I was raised on a small farm on the outskirts of a quaint little town about an hour east of Vancouver, so it isn’t as if I am completely ignorant when it comes to rural culture. For example, I was a 4-H kid growing up: beef, dairy and horse. I had pet cows that I adored which, incidentally, we later ate (a joke I would tell my city friends which they found about as funny as breaking a heel on their designer shoe while running for the LRT in rush hour).

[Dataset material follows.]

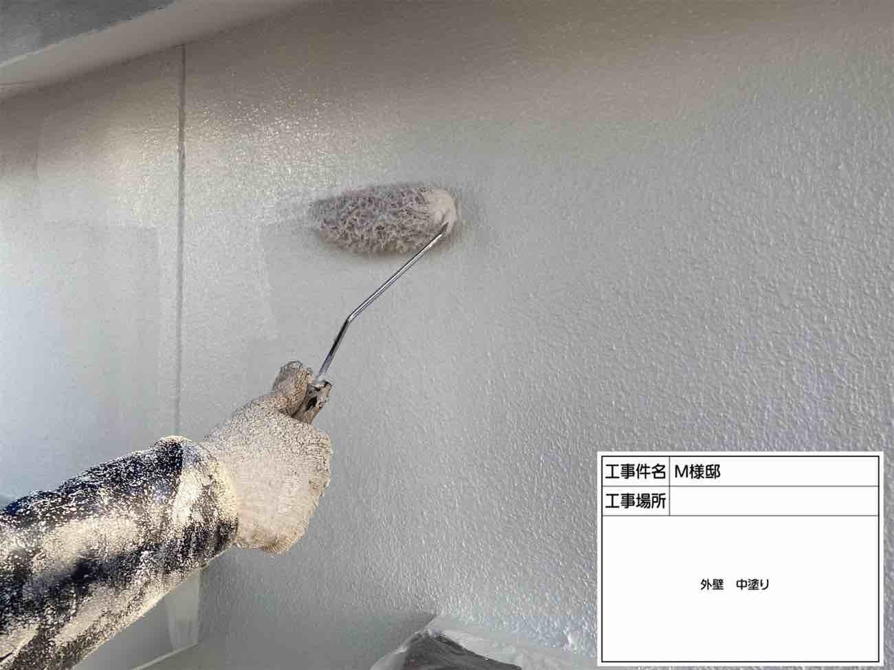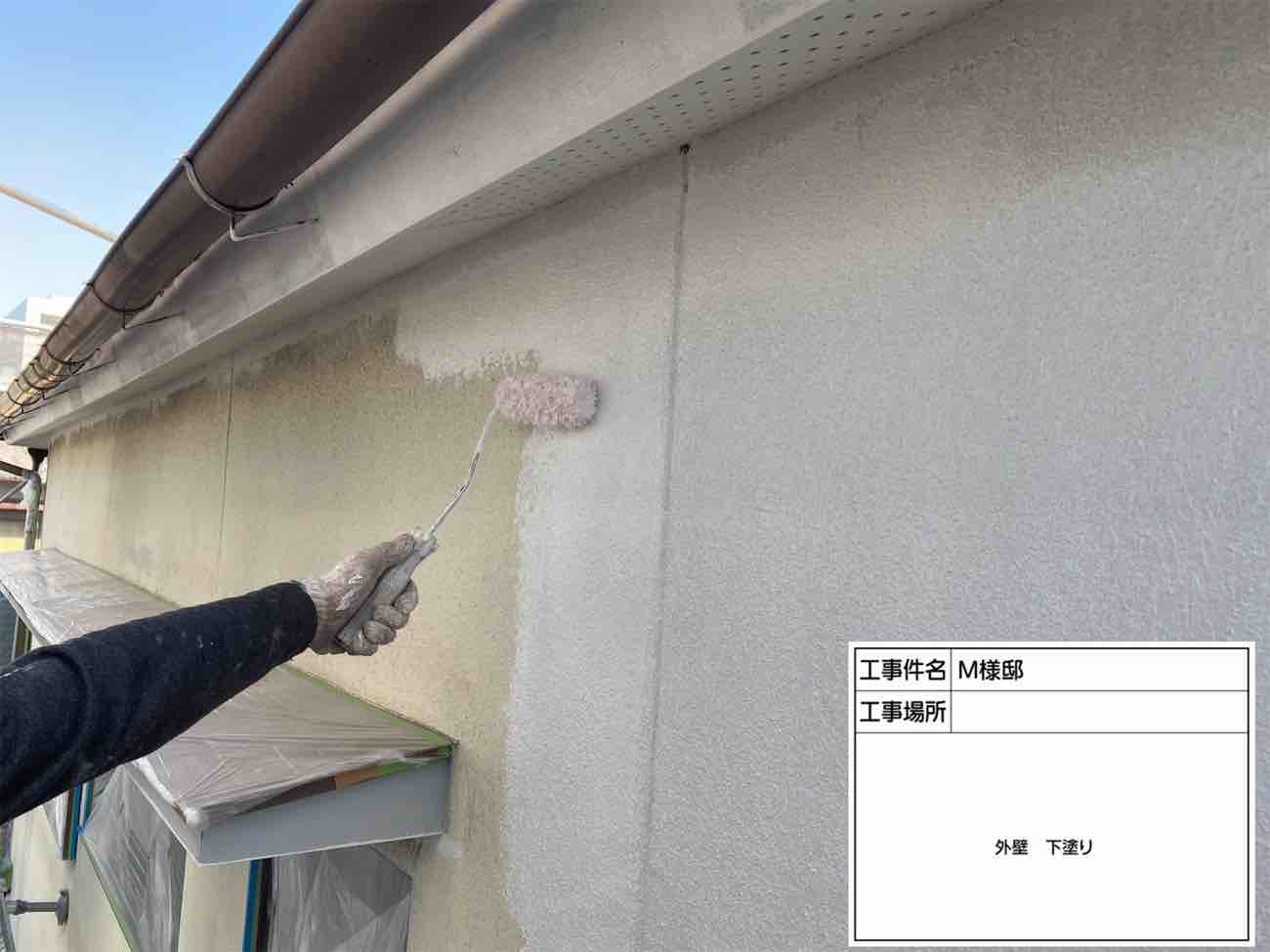 外壁の下塗り作業で中塗り塗料との密着度を高めます。 この工程で手を抜くと塗膜が剥がれる原因となりますので注意が必要です。

For years of my life, situations like this would unfold: I would be out with city friends at a trendy restaurant, in our trendy clothes, talking about trendy subjects while drinking trendy wine, when the topic of our childhoods would arise. Someone would mention something like gymnastics or basketball and at my turn, I would mention showing cattle. This would immediately result in an awkward silence while we sipped our drinks and shifted our eyes away from one another. Head, Heart, Health and Hands, forever ingrained deep in my temporal lobe.
After nearly 15 years of urban living, I have moved back to a town of 5000 people and am submerged in small town culture once again. I get it. I love it. I never want to leave.

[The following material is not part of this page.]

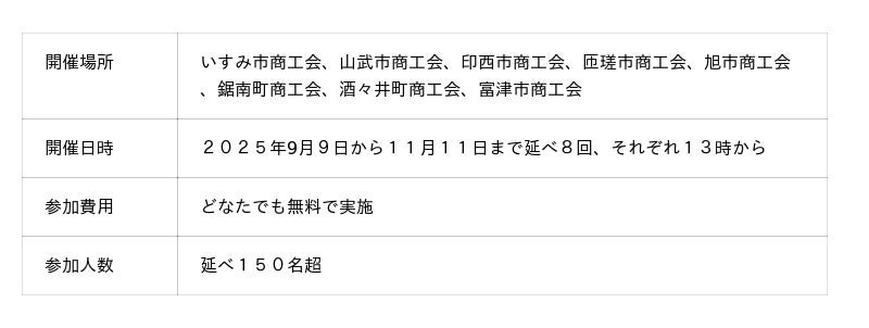 商売に役立つ千葉県商工会デジタル化支援事業が、2025年9月9日から2025年11月11日まで延べ8回開催されました。

There are some things, though, to which I have had to re-adjust.
I often forget that there are no grocery stores open late in town, and even though the drug store says “open late” with a moon on the sign, it isn’t really, unless you consider 9 p.m. late. Inevitably, once a week I buy milk and a bag of coffee from the Husky station because I have missed the grocery store. Wait, why am I trying to sound more organized than I am? It’s often not just milk and coffee; it’s also dog food, bread and a box of cookies for school lunches. Five minutes later and $37 closer to the poverty line, I leave the gas station convenience store with two bags of essentials.
According to the 2011 census, there were over 600,000 rural dwellers in our province. I often wonder why there aren’t more. I am no expert on where the perfect place is to raise a family, although I do know that in nearly two years our family has experienced so much of our province, things that in the preceding years we hadn’t even thought of doing. We have skied amazing hills, camped in beautiful and isolated places, slid down mud slides into river water, and driven down miles of dirt roads lacing through picture-perfect fields of yellow and purple. Regularly in the evenings we bring blankets onto our trampoline and watch streamers of pink and green wave and parade for us in the night sky, undisturbed by city lights.
I am a reformed city mom now. I see the irony so clearly: while I was busy insisting that I wasn’t going to shelter my children, while poking fun of my friend and her horse-hair free school, while running away from my own country roots, I was actually depriving my kids of the adventure and exploration I wished for them. I was entirely convinced that urban exposure was keeping my kids from living under a rock, yet here in the boonies we have found freedom and adventure, and made a connection with nature that we previously never had.
Small town, rural living — just can’t beat it, for all the marvelous gifts it has given us.